Russel Banks. Cet auteur américain, je l'ai découvert il y a un peu plus de dix ans, avec « Continents à la dérive », où comment le rêve américain détruit et fait se rencontrer deux êtres et deux mondes.
J'ai lu tous ses romans depuis (entre autres et dans le désordre « Le règne de Bone », « Affliction », « De beaux lendemains »...), et puis voilà ... à nouveau le coup de bambou, le cri au chef d'œuvre. Le bouquin qui continue de me suivre alors que je l'ai terminé il y a quelques jours, que je traîne de ma chambre au salon et inversement, parce qu'il m'a soufflée à chaque page, parce que je suis reconnaissante et terriblement admirative.
Admirative de son héroïne et narratrice. Entre parenthèses, coup de chapeau à l'homme qui offre si bien sa plume à la voix d'une femme...
Hannah Musgrave a été une activiste révolutionnaire aux Etats-Unis dans les années 60-70, contre la guerre et membre du Weather Underground.
Hannah Musgrave, toujours recherchée par les autorités américaines, suit un compagnon d'armes en Afrique, puis le quitte et part, seule, au Libéria, où elle épousera un africain, à qui elle donnera trois fils, et où elle vivra pendant près de quinze années.
Au début du roman, Hannah Musgrave a presque 6O ans. Cela fait longtemps qu'elle est retournée aux Etats-Unis. Elle possède et exploite une ferme dans le Nord de l'Etat de New York... Un matin, au réveil, elle sait qu'elle s'apprête à retourner au Liberia, qu'il lui faut y retourner. Elle a d'ailleurs toujours su qu'elle y retournerait un jour.
Commence alors le retour en arrière de la narratrice, sur sa vie au Libéria et, parallèlement, sur tout ce qui a fait qu'un jour, elle s'est retrouvée là.
Elle ne s'arrange pas avec son passé, elle ne s'épargne aucun pointage de ses contradictions et erreurs. Elle se raconte et raconte tout ce dont elle a alors été témoin, avec une lucidité et une honnêteté qui, à chaque page, faisaient se dire à la lectrice que j'étais qu'elle n'arriverait jamais à cet état-là d'intelligence et de clairvoyance sur soi-même d'abord, puis sur les autres, sur le monde et sa sauvagerie.
Parmi les autres, il y a son mari, petit ministre d'un président fantoche quand elle le rencontre, puis reconduit, pour sauver sa peau, par le président auto-proclamé Samuel Doe. Sa peau ne vaut pas plus cher quand éclate, dans les années 80, l'une des plus terribles guerres civiles qu'ait connues l'Afrique noire. Tout est vrai, historique, détaillé et/mais vu par Hannah.

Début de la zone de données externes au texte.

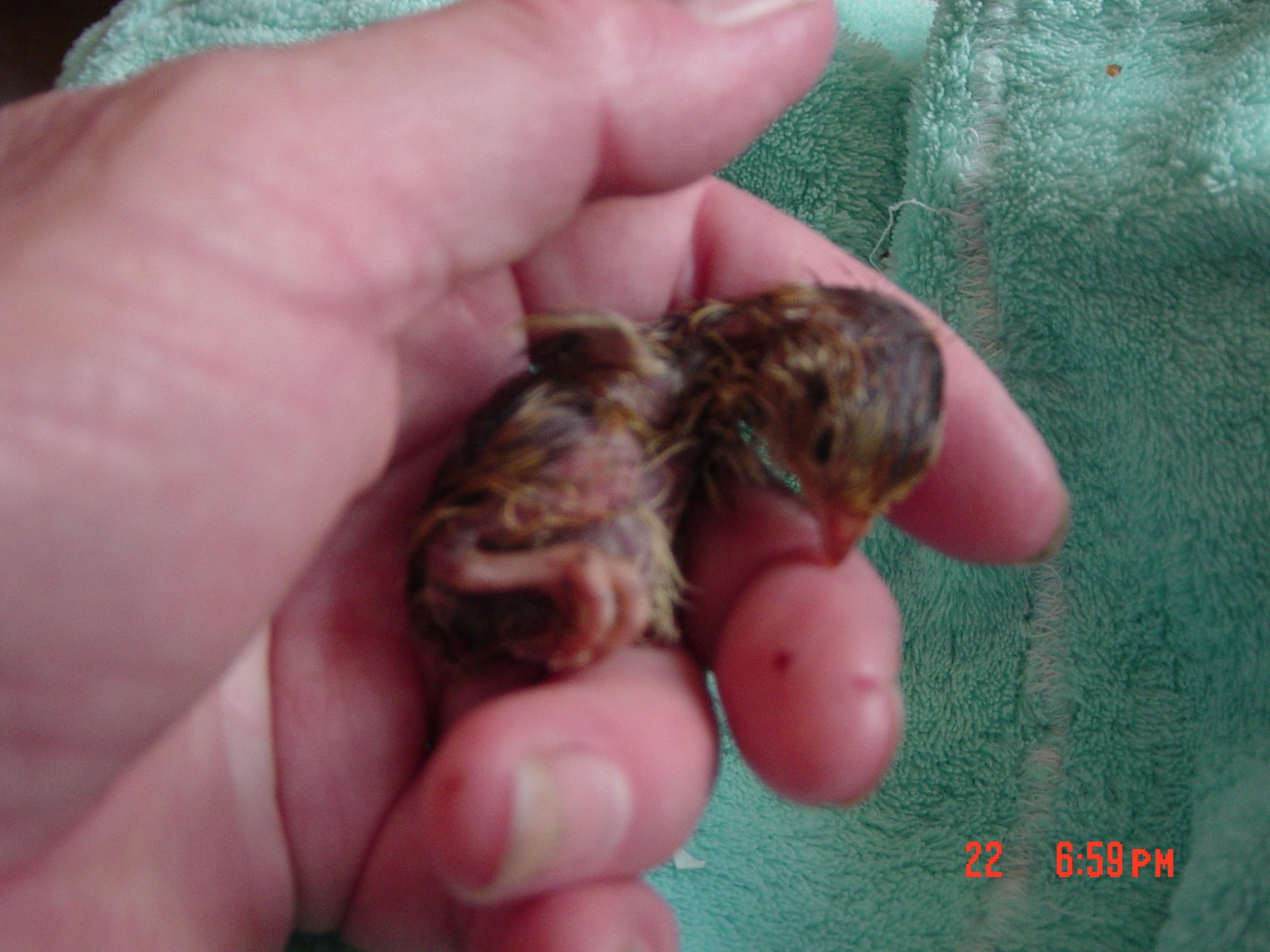 My duck Miss Wonky was my extra heat source for my baby quail in the winter when she was a duckling, they spent more time cuddling with her than near the lamp. She had bad legs and couldn't stand so she lived with the quail so she wouldn't get knocked around. They provided her companionship and she was a warm ball of fluff for them to snuggle with.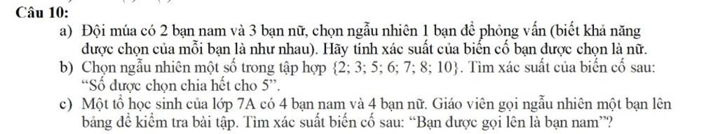 Xác suất của biến cố bạn được gọi là bạn nam là:

Elle est le témoin impuissant de la barbarie. Même pour ses fils, elle ne pouvait rien faire...
Parmi tous les autres, il y a les chimpanzés dont Hannah ne peut supporter le martyre et qu'elle recueille dans son sanctuaire, l'unique endroit où elle n'est plus témoin mais actrice, l'unique acte de « sympathie » qu'elle ait eu envie d'accomplir. Ces chimpanzés sont les seuls êtres dont le regard répond à celui d'Hannah. Si l'on n'a pas compris cela, on n'a pas compris ce roman ni son héroïne. Les pages où il est question d'eux sont les plus belles, les plus justes et intelligentes du roman.
« ... mes yeux bleus (...) dans leurs yeux marron où j'apercevais une part essentielle, un aspect irréductible de mon être ; ce qui leur renvoyait en retour la même version reflétée de leur être et nous révélait, à eux comme à moi, le visage de notre mère commune (...). Nous nous extrayions mutuellement, les rêveurs et moi, de la spécificité du temps personnel et de la physionomie individuelle.»